### TASK
Please, without any pictures, transcribe the lines from the one holding "2024年3月11日 経済産" to the end of the listing, both ends included.

======== SOURCE MATERIAL

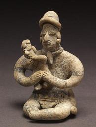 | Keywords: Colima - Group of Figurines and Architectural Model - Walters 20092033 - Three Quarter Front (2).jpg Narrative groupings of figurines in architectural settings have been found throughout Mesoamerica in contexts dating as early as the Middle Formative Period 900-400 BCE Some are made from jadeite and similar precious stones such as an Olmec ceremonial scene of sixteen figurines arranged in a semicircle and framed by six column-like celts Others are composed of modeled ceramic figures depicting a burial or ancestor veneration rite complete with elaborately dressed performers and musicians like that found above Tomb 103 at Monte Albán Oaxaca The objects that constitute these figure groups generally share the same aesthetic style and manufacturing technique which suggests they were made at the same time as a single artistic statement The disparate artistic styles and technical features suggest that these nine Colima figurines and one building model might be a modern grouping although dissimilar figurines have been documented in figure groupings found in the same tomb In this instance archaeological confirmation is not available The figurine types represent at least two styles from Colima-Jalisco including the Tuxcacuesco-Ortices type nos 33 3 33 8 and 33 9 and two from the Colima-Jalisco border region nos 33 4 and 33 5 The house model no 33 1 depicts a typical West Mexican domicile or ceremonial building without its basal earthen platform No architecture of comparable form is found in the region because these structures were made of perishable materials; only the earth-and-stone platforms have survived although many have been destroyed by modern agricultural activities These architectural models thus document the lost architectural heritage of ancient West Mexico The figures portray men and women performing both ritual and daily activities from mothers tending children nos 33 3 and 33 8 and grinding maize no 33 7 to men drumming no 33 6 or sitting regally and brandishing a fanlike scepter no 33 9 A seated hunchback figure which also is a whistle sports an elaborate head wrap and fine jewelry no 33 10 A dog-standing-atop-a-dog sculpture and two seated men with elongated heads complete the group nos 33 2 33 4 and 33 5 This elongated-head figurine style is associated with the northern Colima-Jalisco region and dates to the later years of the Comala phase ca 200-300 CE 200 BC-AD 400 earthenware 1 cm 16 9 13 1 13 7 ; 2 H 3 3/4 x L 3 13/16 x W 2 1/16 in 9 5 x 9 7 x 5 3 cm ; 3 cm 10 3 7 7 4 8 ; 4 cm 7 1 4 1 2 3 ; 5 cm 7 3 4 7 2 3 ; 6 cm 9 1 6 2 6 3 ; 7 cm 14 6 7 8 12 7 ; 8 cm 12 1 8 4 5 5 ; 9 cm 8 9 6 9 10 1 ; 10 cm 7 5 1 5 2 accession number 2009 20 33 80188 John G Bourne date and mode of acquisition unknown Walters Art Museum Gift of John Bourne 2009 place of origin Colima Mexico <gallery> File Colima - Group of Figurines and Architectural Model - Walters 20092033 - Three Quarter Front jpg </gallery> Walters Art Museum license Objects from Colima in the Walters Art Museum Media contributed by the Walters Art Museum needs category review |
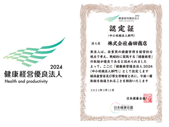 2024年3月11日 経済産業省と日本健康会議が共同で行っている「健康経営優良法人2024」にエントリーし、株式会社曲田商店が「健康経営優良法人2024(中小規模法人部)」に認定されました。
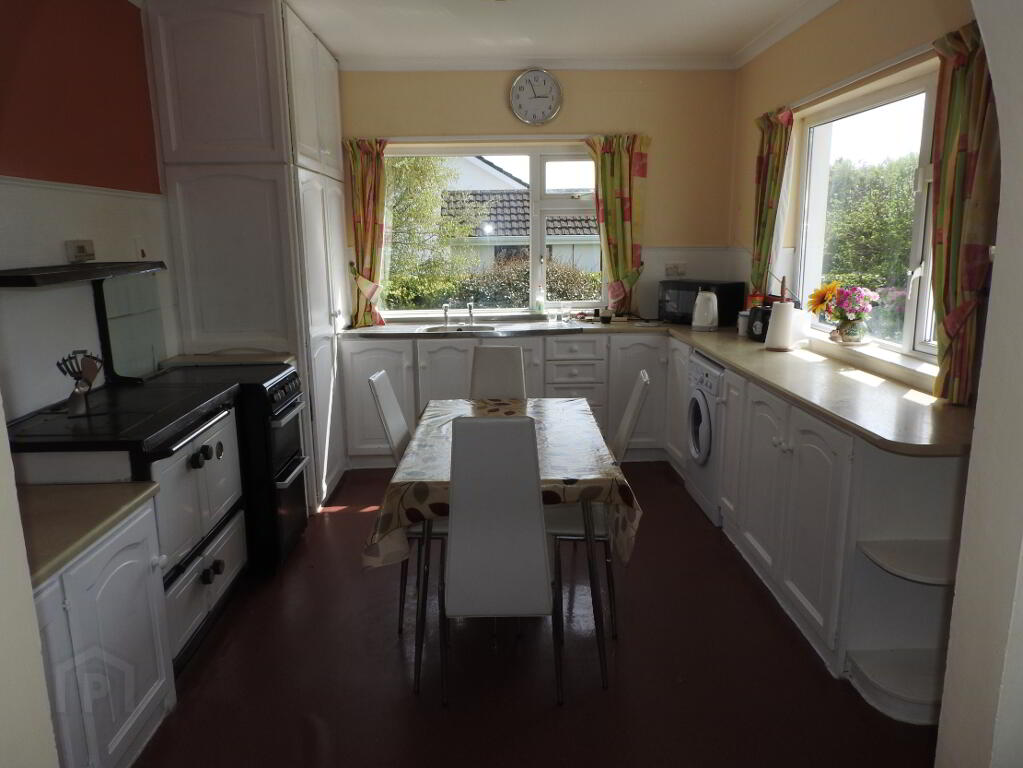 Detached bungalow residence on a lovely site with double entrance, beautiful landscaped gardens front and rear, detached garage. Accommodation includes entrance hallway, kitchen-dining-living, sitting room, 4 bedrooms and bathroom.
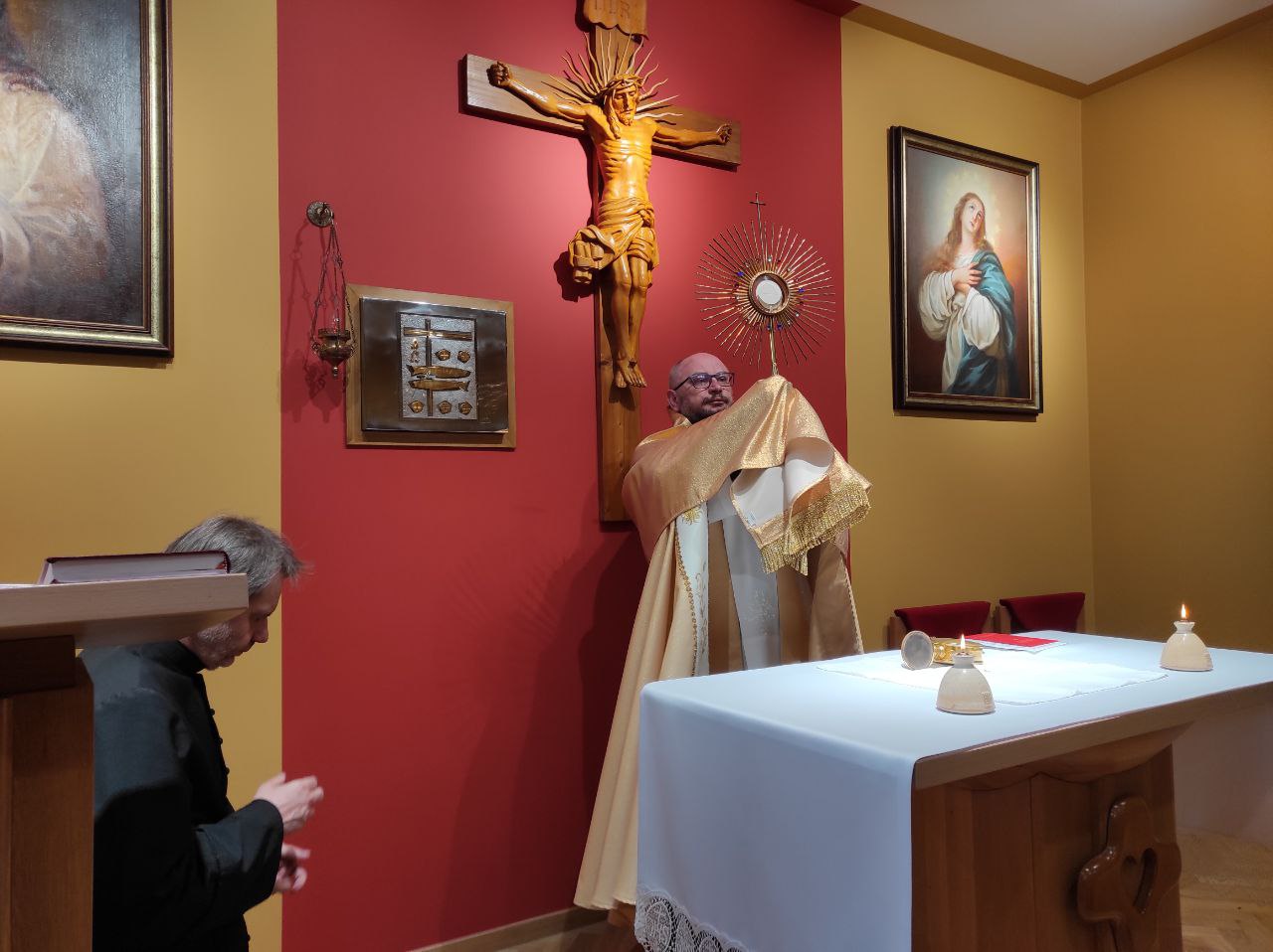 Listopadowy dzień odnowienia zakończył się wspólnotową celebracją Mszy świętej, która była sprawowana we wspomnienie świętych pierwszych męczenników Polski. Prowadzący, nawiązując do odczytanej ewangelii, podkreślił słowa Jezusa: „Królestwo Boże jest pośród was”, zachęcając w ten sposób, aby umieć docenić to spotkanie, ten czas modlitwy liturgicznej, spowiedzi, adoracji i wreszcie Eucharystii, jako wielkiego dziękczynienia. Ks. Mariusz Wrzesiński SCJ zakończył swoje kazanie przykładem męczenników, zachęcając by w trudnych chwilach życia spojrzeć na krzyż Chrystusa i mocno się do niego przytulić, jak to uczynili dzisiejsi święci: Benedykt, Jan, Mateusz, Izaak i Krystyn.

================

### WRITTEN REPLY
 2024年3月11日 経済産業省と日本健康会議が共同で行っている「健康経営優良法人2024」にエントリーし、株式会社曲田商店が「健康経営優良法人2024(中小規模法人部)」に認定されました。
 Detached bungalow residence on a lovely site with double entrance, beautiful landscaped gardens front and rear, detached garage. Accommodation includes entrance hallway, kitchen-dining-living, sitting room, 4 bedrooms and bathroom.
 Listopadowy dzień odnowienia zakończył się wspólnotową celebracją Mszy świętej, która była sprawowana we wspomnienie świętych pierwszych męczenników Polski. Prowadzący, nawiązując do odczytanej ewangelii, podkreślił słowa Jezusa: „Królestwo Boże jest pośród was”, zachęcając w ten sposób, aby umieć docenić to spotkanie, ten czas modlitwy liturgicznej, spowiedzi, adoracji i wreszcie Eucharystii, jako wielkiego dziękczynienia. Ks. Mariusz Wrzesiński SCJ zakończył swoje kazanie przykładem męczenników, zachęcając by w trudnych chwilach życia spojrzeć na krzyż Chrystusa i mocno się do niego przytulić, jak to uczynili dzisiejsi święci: Benedykt, Jan, Mateusz, Izaak i Krystyn.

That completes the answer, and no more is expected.